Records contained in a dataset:
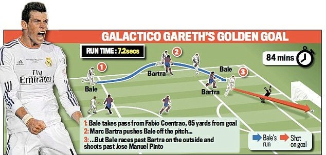 | Trong trận chung kết cúp nhà vua năm 2014, Gareth Bale nhận bóng từ Fabio Coentrao ở vị trí cách khung thành Barcelona khoảng 59 m. Sau đó, Marc Bartra cố gắng đẩy Bale ra ngoài sân. Tuy nhiên, Bale dùng tốc độ vượt qua Bartra và thực hiện pha dứt diểm đánh bại thủ môn Pinto. Ảnh: Daily Mail. |
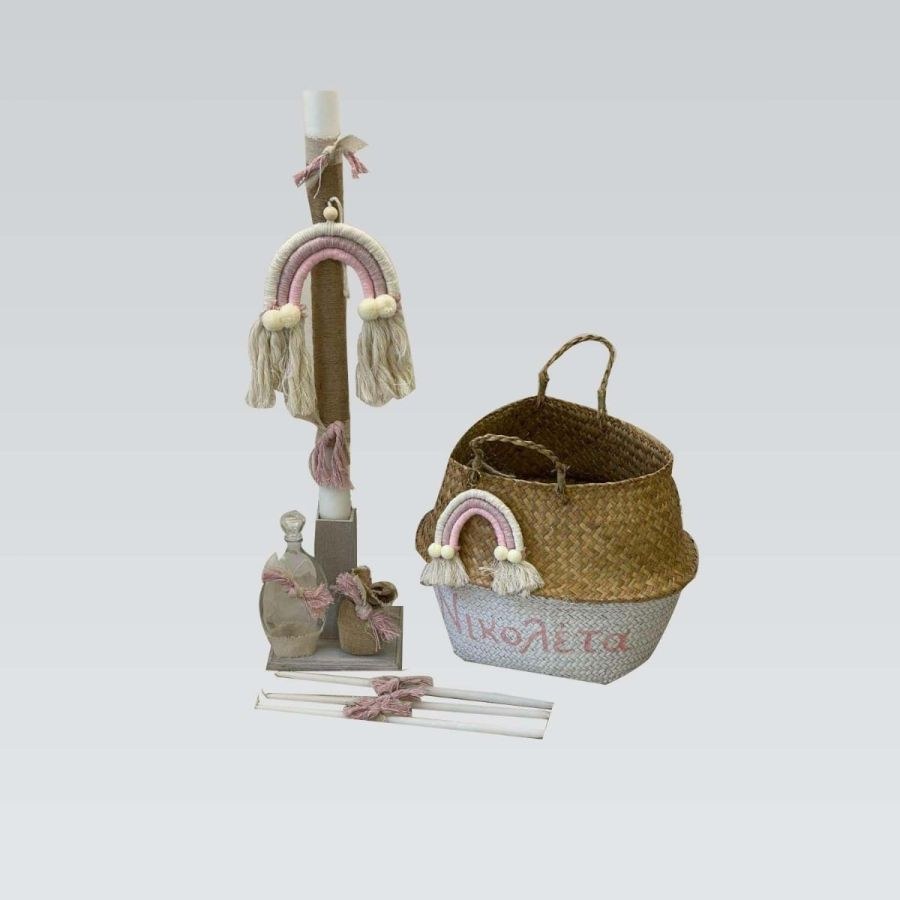 Σετ βάπτισης που περιλαμβάνει ψάθινο καλάθι με μάτι, λαμπάδα και λαδοσετ.
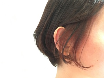 耳にかける部分のみブリーチしてからピンクバイオレットで全体カラーしています☆
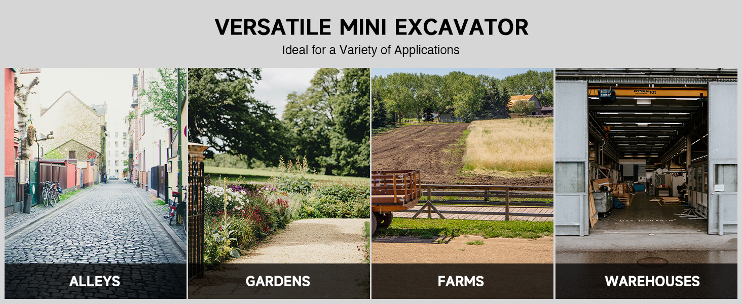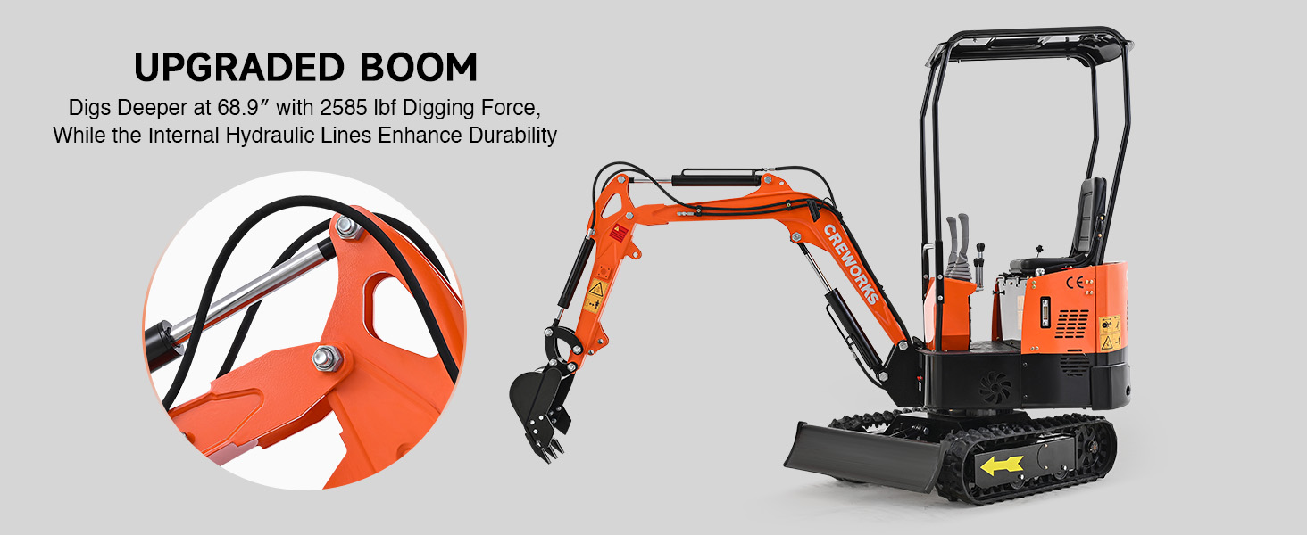 Designed for Narrow Spaces: With a compact design and a 5.7 ft. maximum digging depth, this 1-ton mini excavator by Creworks is tailor-made for construction in narrow lanes, alleys, backyards, gardens, and other tight spaces.
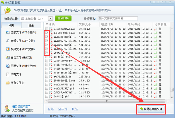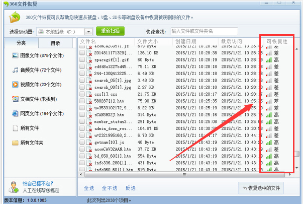 4、扫描完成之后360文件恢复作用将会显示遗失文件的状况,大家见到可恢复性分成很多个等级,大家可以选择自身要想恢复的文件试着开展恢复。此外也有一种是文件夹是可恢复性为空缺的,此文件夹是可以进行恢复的,不过文件夹内部结构的文件很有可能已经被可读写,文件夹恢复后不一定能寻找我们需要的文件。
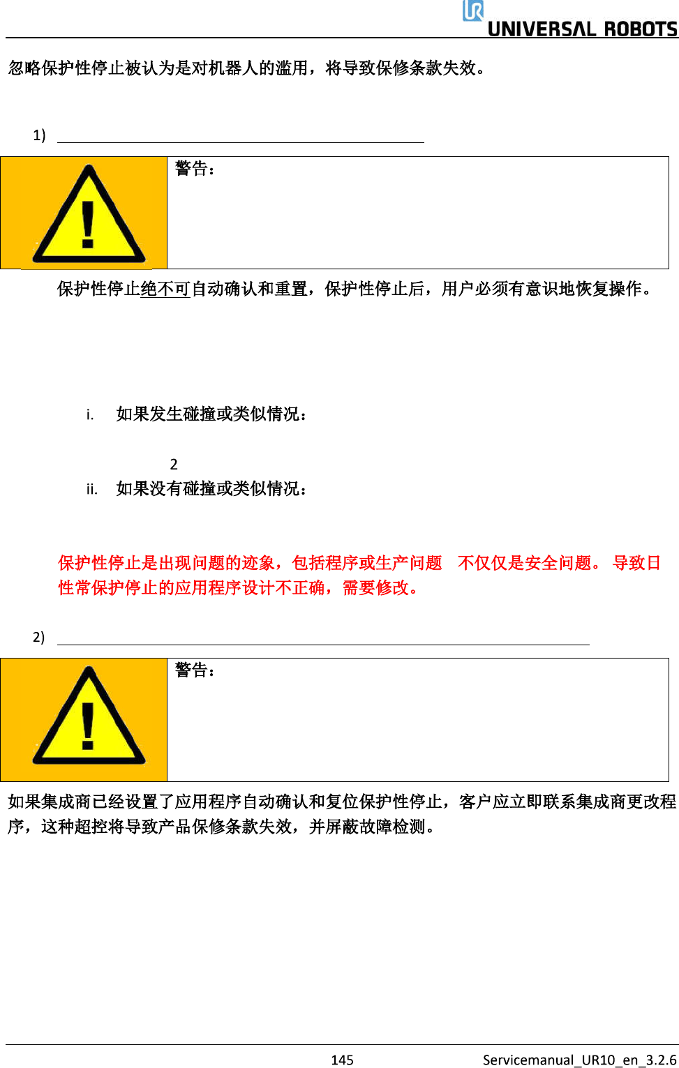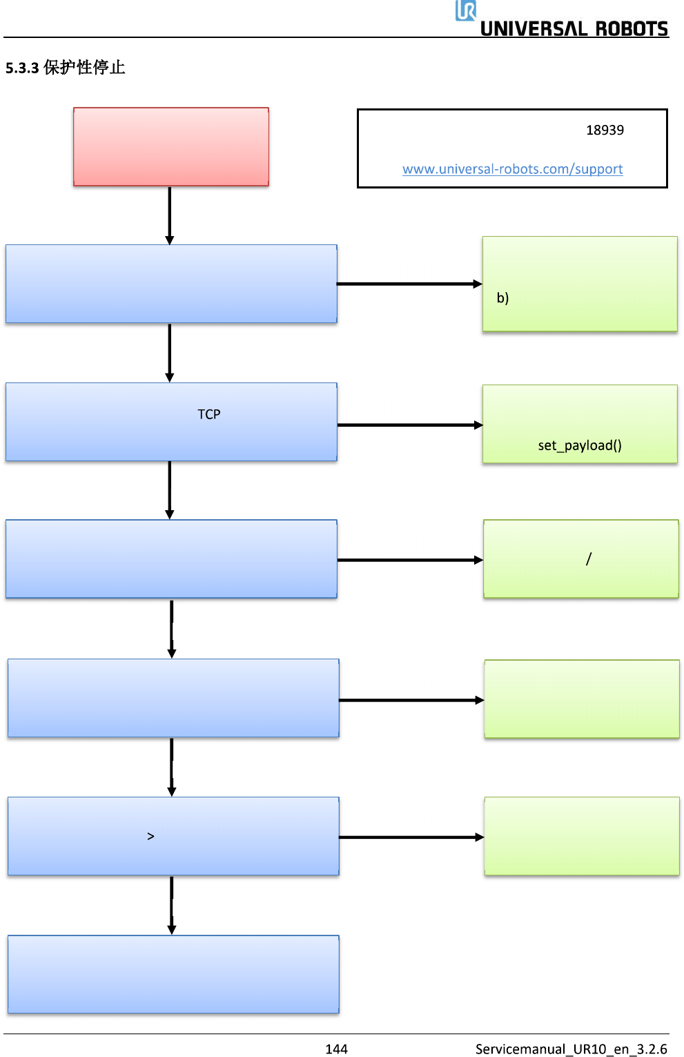 保留所有 权 利 保护性停止 质心是否不同于 点? 检查工具中心点配 置、有 效负载和安装设置, 其必须符合工具 和机器人 的实际位置。 路点位置是否非常 靠近机 器人不能操作的底座 周围的圆柱形区 域? 调整路点,远离 该区域或 降低速度 加速度 是 否 检查工具中心点 配置、有 效负载和 安装设置 检查是否遵循 了安全设 置 是 在工具中心点丝 锥中,调 整质心,或使用 脚本代码 是 否 机器人以过高的 速度移动 ,还是加速非常困 …
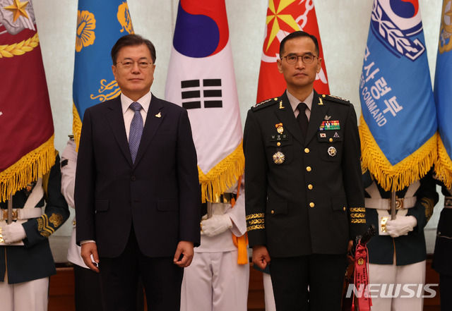 [서울=뉴시스]추상철 기자 = 문재인 대통령이 23일 오전 청와대에서 남영신 육군참모총장의 보직신고를 받은 후 삼정검(三精劍)에 수치(綬幟)를 달아준후 기념촬영을 하고 있다. 수치는 끈으로 된 깃발로 장성의 보직과 이름, 임명 날짜, 수여 당시 대통령 이름이 수놓아져 있다. 2020.9.23.
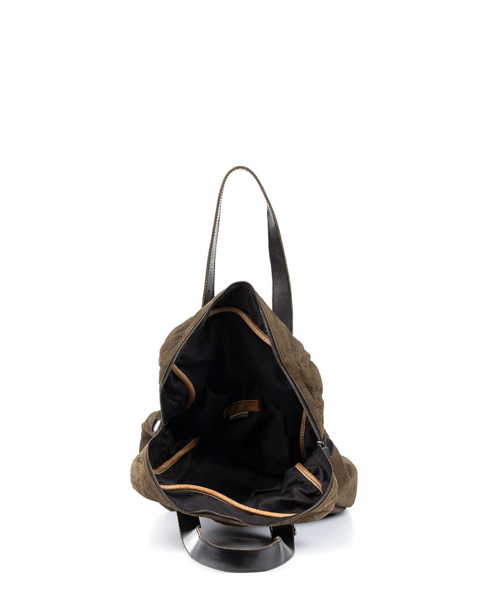Hochwertigste Verarbeitung und modernes Design machen diese Tasche von numero 10 zum perfekten Alltagsbegleiter. Komplett von Hand gefertigt, sorgen das weiche, Oliv farbene Velourleder und die Lederhenkel aus schwarzem Glattleder für eine kernige Optik. Das Hauptfach bietet ausreichend Platz für alles Wichtige, während in den beiden seitlichen Innenfächern kleinere Utensilien griffbereit untergebracht werden können. Jede Tasche ist ein Unikat, das im Laufe der Zeit einen ganz individuellen Charakter erhält. Ein absolutes Lieblingsstück, dass aufgrund des zeitlosen Designs nie aus der Mode kommt und an dem man viele Jahre Freude hat. Da die Modelle immer nur in begrenzter Stückzahl gefertigt werden, sind die Taschen von Numero 10 sehr exklusiv.
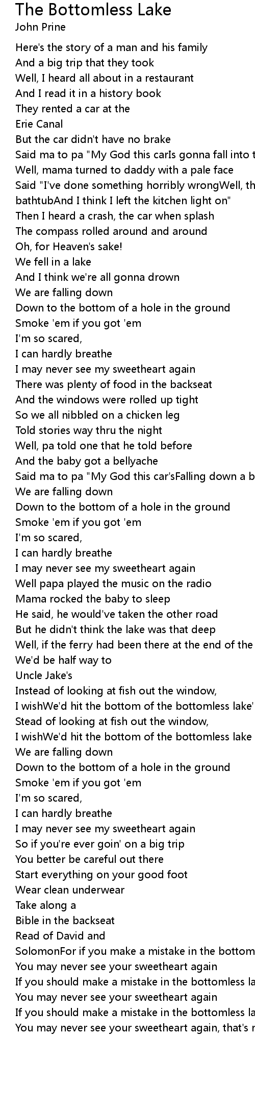 Said ma to pa "My God this carIs gonna fall into the bottomless lake" |
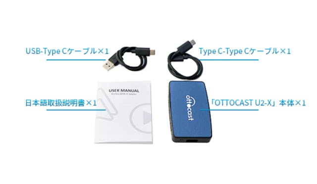 A 「OTTOCAST U2-X」は、USB-A to USB-CとUSB-C to USB-Cの2本のケーブルを付属しております。ほとんどの車のUSBポートに対応できます。
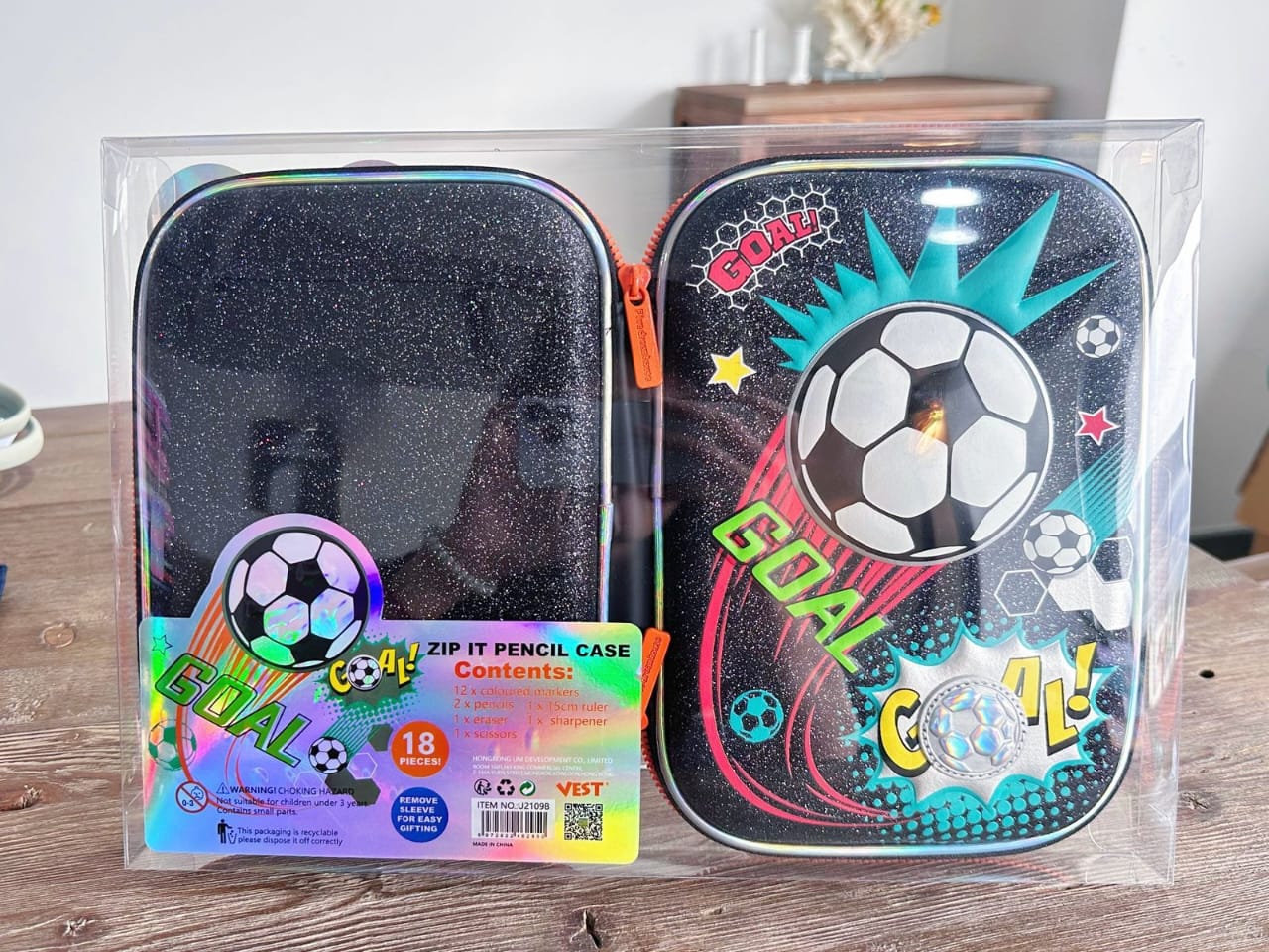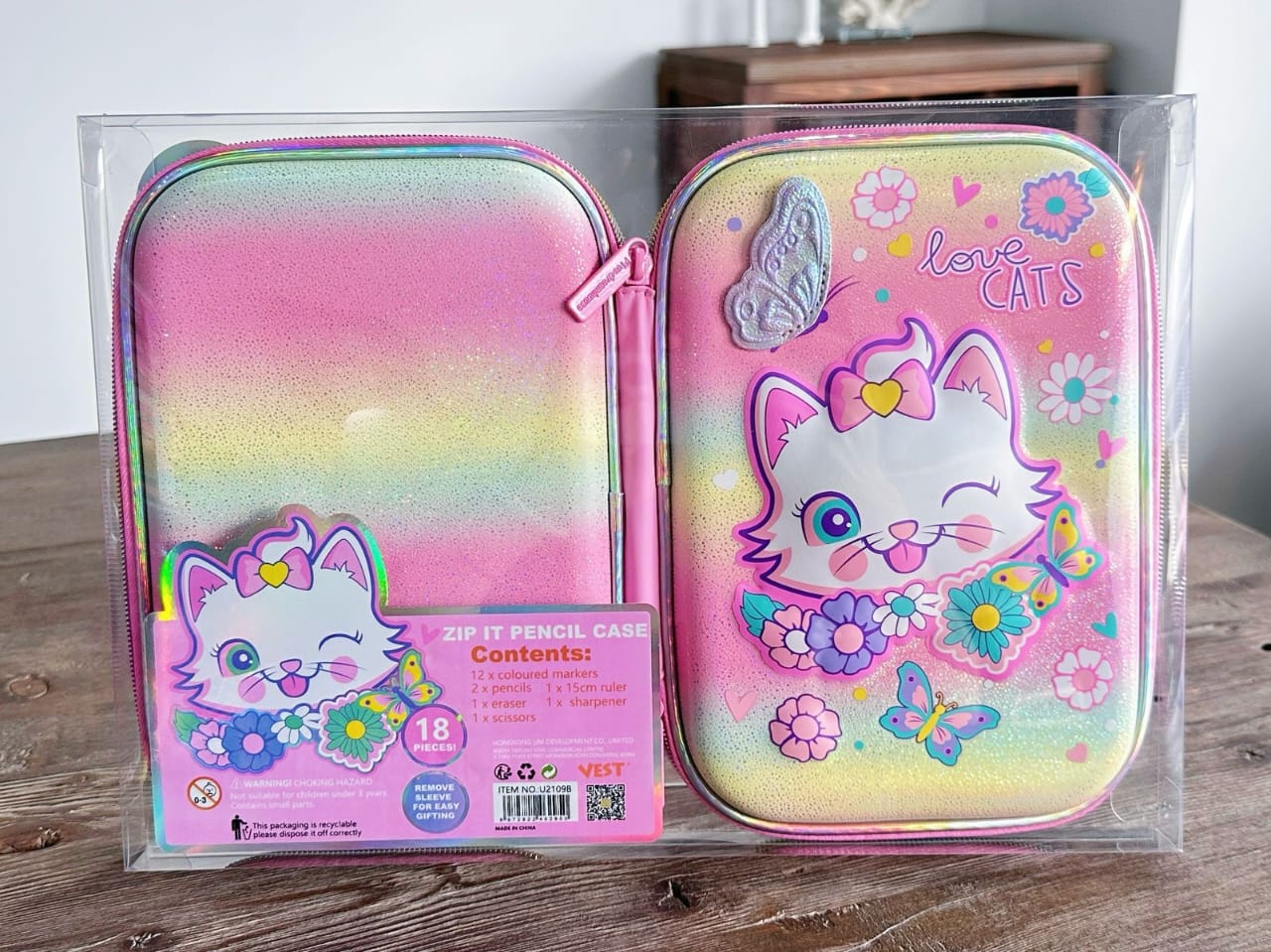 Contents : 12 coloured marker, 2 pencils, 1 ruler, 1 eraser, 1 sharpener and 1 scissors
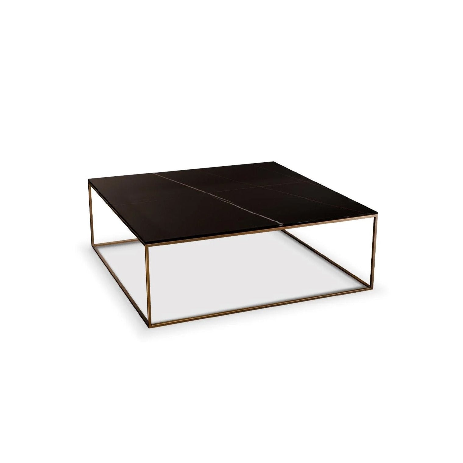 Coffee and side tables with metal base in brass finish and top in 10mm thick Marble glass.
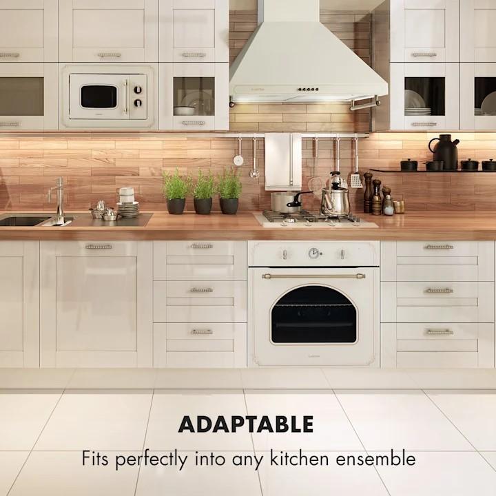 Vstavaná mikrovlnná rúra Klarstein Victoria 20 vrátane montážneho rámu je výkonné, všestranné zariadenie pre jednotlivcov aj väčšie domácnosti, zjednocuje v jednom multifunkčnom zariadení mikrovlnnú rúru a gril. Výkon mikrovlnnej rúry 800 W a 20-litrový varný priestor perfektne prispôsobujú zariadenie potrebám našej rýchlej doby: V 5 úrovniach je možné ručne pohodlne nastaviť výkon, aby sa v čo najkratšom čase hotové jedlo ohrialo, uvarilo alebo udržalo teplé. Pre dosiahnutie optimálnych výsledkov na sklenenom tanieri s priemerom 24,5 cm sa optimálne reguluje aj čas varenia v priebehu niekoľkých sekúnd. Keď uplynie daný čas, vstavaná mikrovlnná rúra sa zastaví a upozorní na koniec pípnutím. Na takto pripravené jedlá teda nezabudnete a rýchlo sa môžete najesť. Okrem toho má zariadenie Victoria 20 horúci 1000 W gril, ktorý vo veľmi krátkom čase opečie vďaka dodávanej grilovacej mriežke klobásky aj mäso: jednoducho zapnite funkciu alebo zvoľte pomocou funkcie QuickSelect požadovanú kombináciu teplôt grilu a mikrovlnky a pečenie môže začať! Vstavaná mikrovlnná rúra Klarstein ponúka okrem toho funkciu rozmrazovania na rozmrazenie mrazených potravín, vďaka ktorej bude hračka rozmrazovať mäso, hydinu alebo morské plody bez toho, aby ste ich nechtiac rozvarili. Vnútorná časť zariadenia má interiér z ušľachtilej ocele SimpleClean, ktorý je mimoriadne odolný a ľahko sa čistí. Z vonkajšej strany má vstavaná mikrovlnná rúra Victoria 20 už podľa názvu elegantnú úpravu, ktorá pripomína retro dizajn 19. storočia a ktorý bez pochýb zapadne do každého moderného aj klasického kuchynského prostredia.

— PROBLEM REQUIREMENTS —
In the entries above, find the line that contains "耳にかける部分のみブリーチしてからピンクバイオレットで全体カラーしています☆", then repeat exactly every line from the first one through that line, with no pictures.

— ANSWER TO THIS TASK —
 | Trong trận chung kết cúp nhà vua năm 2014, Gareth Bale nhận bóng từ Fabio Coentrao ở vị trí cách khung thành Barcelona khoảng 59 m. Sau đó, Marc Bartra cố gắng đẩy Bale ra ngoài sân. Tuy nhiên, Bale dùng tốc độ vượt qua Bartra và thực hiện pha dứt diểm đánh bại thủ môn Pinto. Ảnh: Daily Mail. |
 Σετ βάπτισης που περιλαμβάνει ψάθινο καλάθι με μάτι, λαμπάδα και λαδοσετ.
 耳にかける部分のみブリーチしてからピンクバイオレットで全体カラーしています☆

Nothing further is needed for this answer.